WHAT TO PRODUCE
Print exactly the line that contains "Корпус изготовлен из" along with every line beneath it to the end of the records below, and omit pictures.

SOURCE MATERIAL
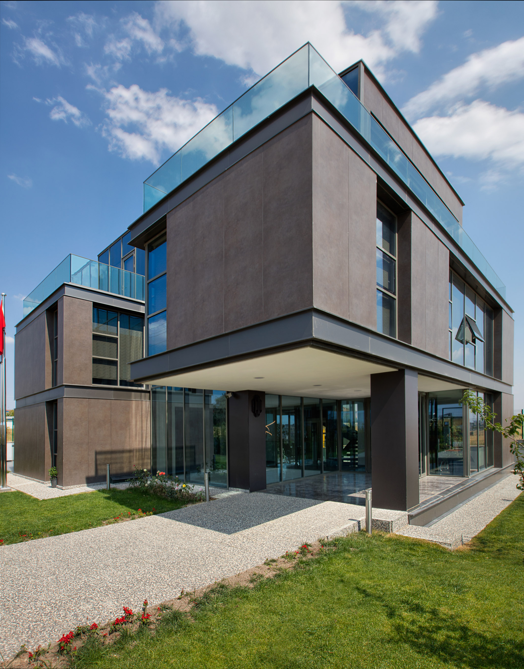 It is designed for a specific financial consulting firm. The building locates at the center of the plot revolves around with a gallery located in the middle interiors. At the plan fiction, full and hollow prisms are met to each other.
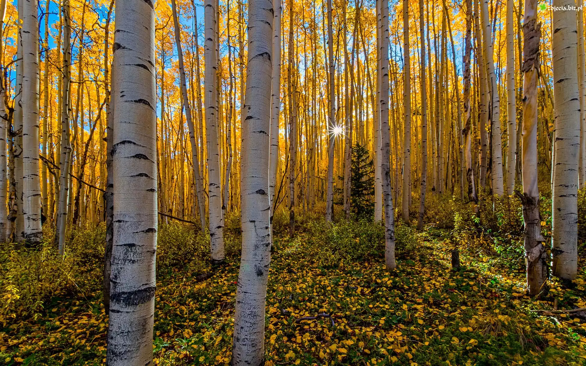 Zdjęcie Las, Brzozowy, Liście, Promienie, Słońca, Jesień
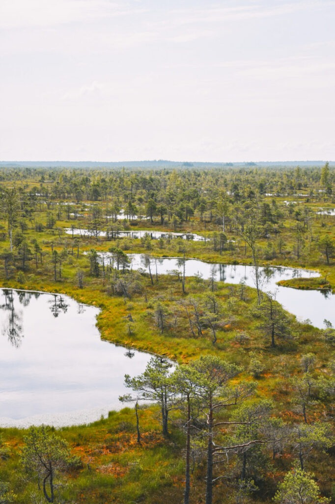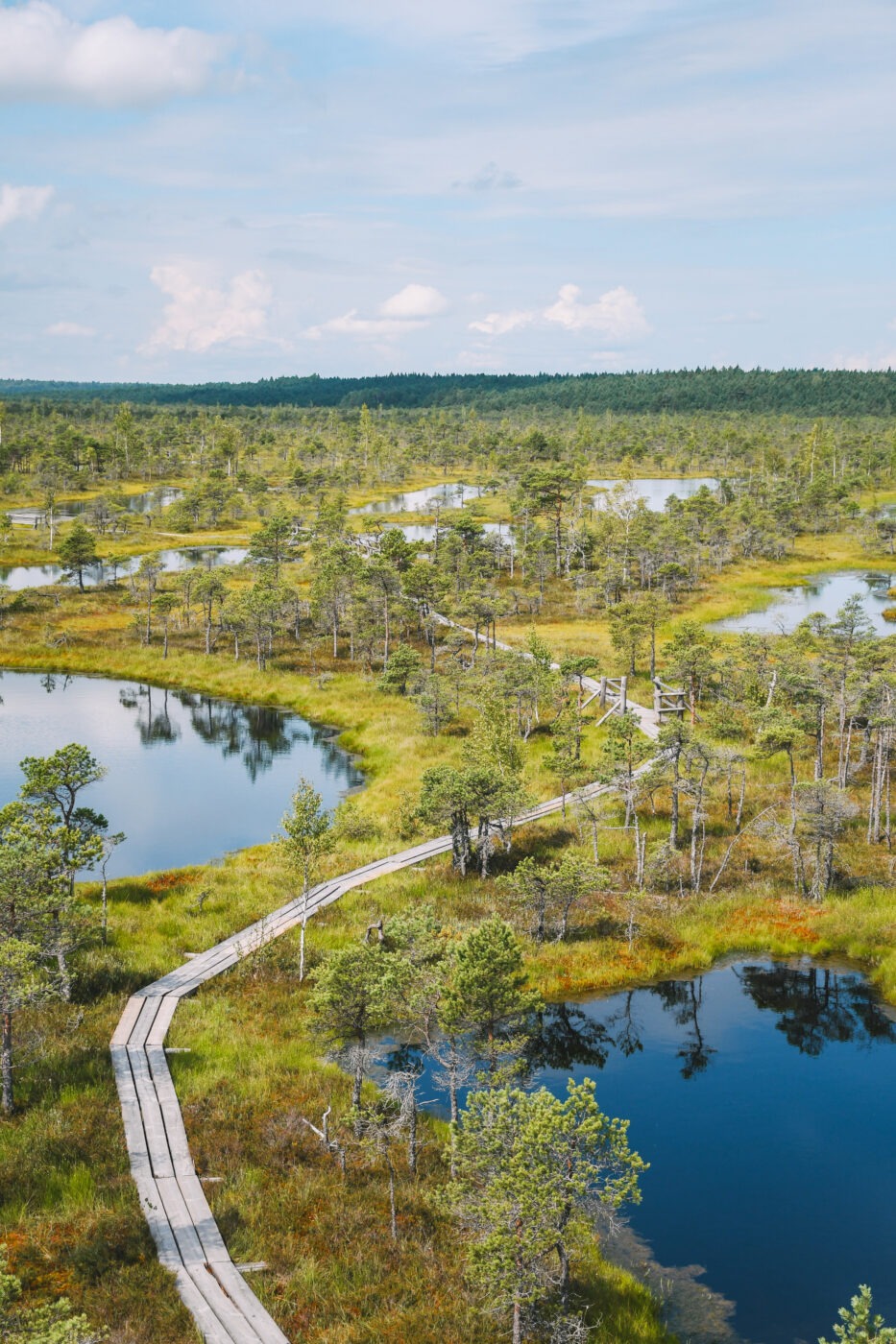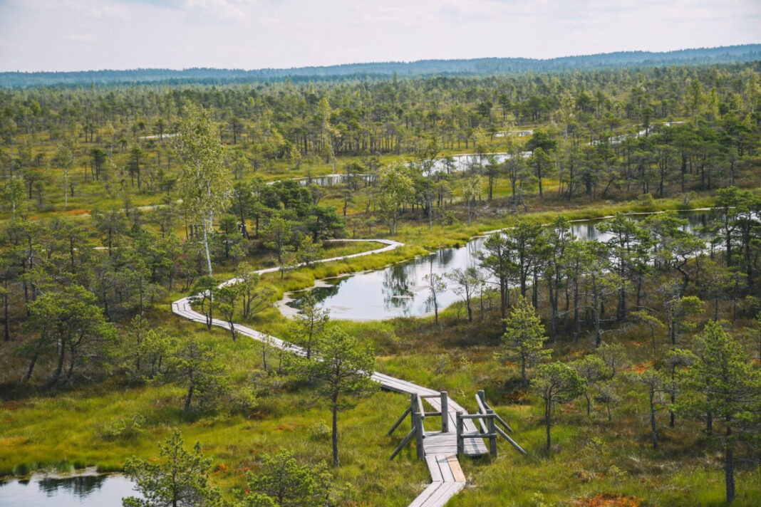 Wer in den Badeort Jurmala kommt, lässt den Kemeri Nationalpark nicht links liegen. Über Holzbohlen stapfen wir durchs scheinbar endlose Hochmoor. Jeder Aussichtspunkt übertrumpft den vorherigen. Spiegelglatte Tümpel, Moos und Flechten in verschiedenen Farbtönen zeichnen ein von oben fast surreales Bild.
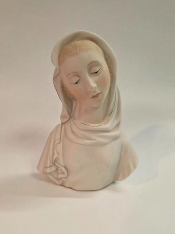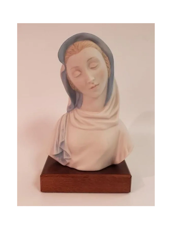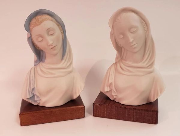 While the House of Gold Madonna was retired in 1965, just three years later she was resurrected, or perhaps, decapitated and reintroduced simply as Madonna 5 1/2" under the design number 2152. She was released in 1968 in color only and attached to a wooden base. Minor adjustments were made to her hair and veil in absence of the crown. This sculpture reflects simple elegance with subtle color and shades of blue complimenting the veil draped over her shoulder.
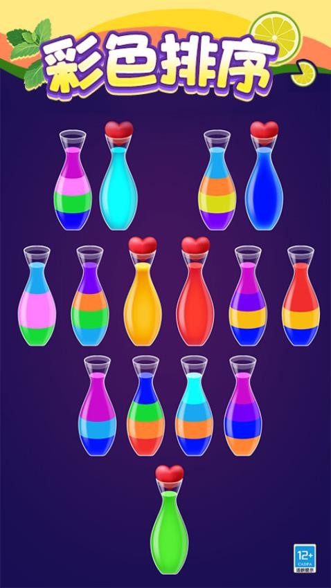 1、彩色排序机制观察液体色彩,相同颜色的液体组合即可顺利完成关卡挑战与任务。
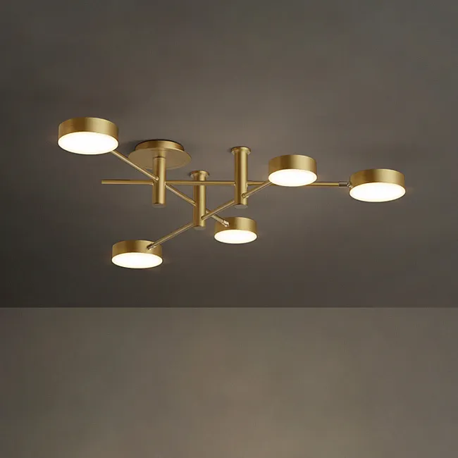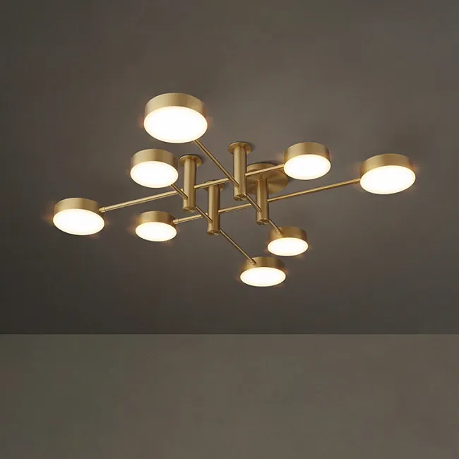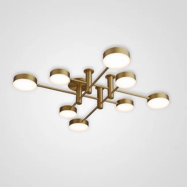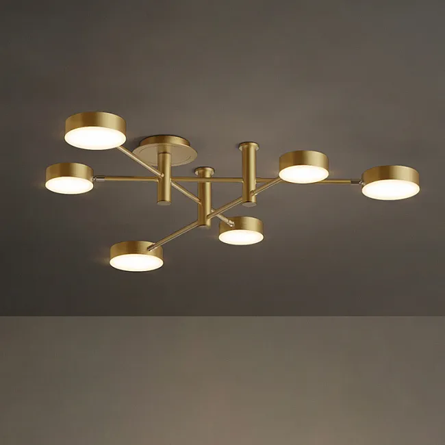 Корпус изготовлен из высококачественной латуни стандарта H65, что усиливает ощущение прочности и надежности. Латунь также придает потолочным люстрам изысканность и роскошь, подчеркивая их элегантность и статусный вид.
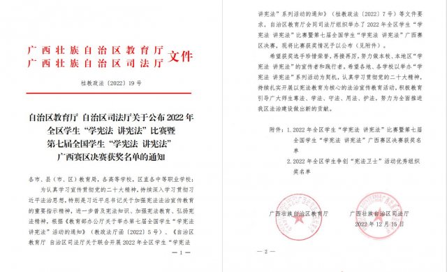[本网讯]为深入学习贯彻习近平法治思想,由广西壮族自治区教育厅、自治区司法厅主办、广西师范大学承办的第七届全国学生“学宪法 讲宪法”广西赛区选拔赛于2022年8月—11月举行。AC米兰在近日自治区教育厅公布的2...

OUTPUT
 Корпус изготовлен из высококачественной латуни стандарта H65, что усиливает ощущение прочности и надежности. Латунь также придает потолочным люстрам изысканность и роскошь, подчеркивая их элегантность и статусный вид.
[本网讯]为深入学习贯彻习近平法治思想,由广西壮族自治区教育厅、自治区司法厅主办、广西师范大学承办的第七届全国学生“学宪法 讲宪法”广西赛区选拔赛于2022年8月—11月举行。AC米兰在近日自治区教育厅公布的2...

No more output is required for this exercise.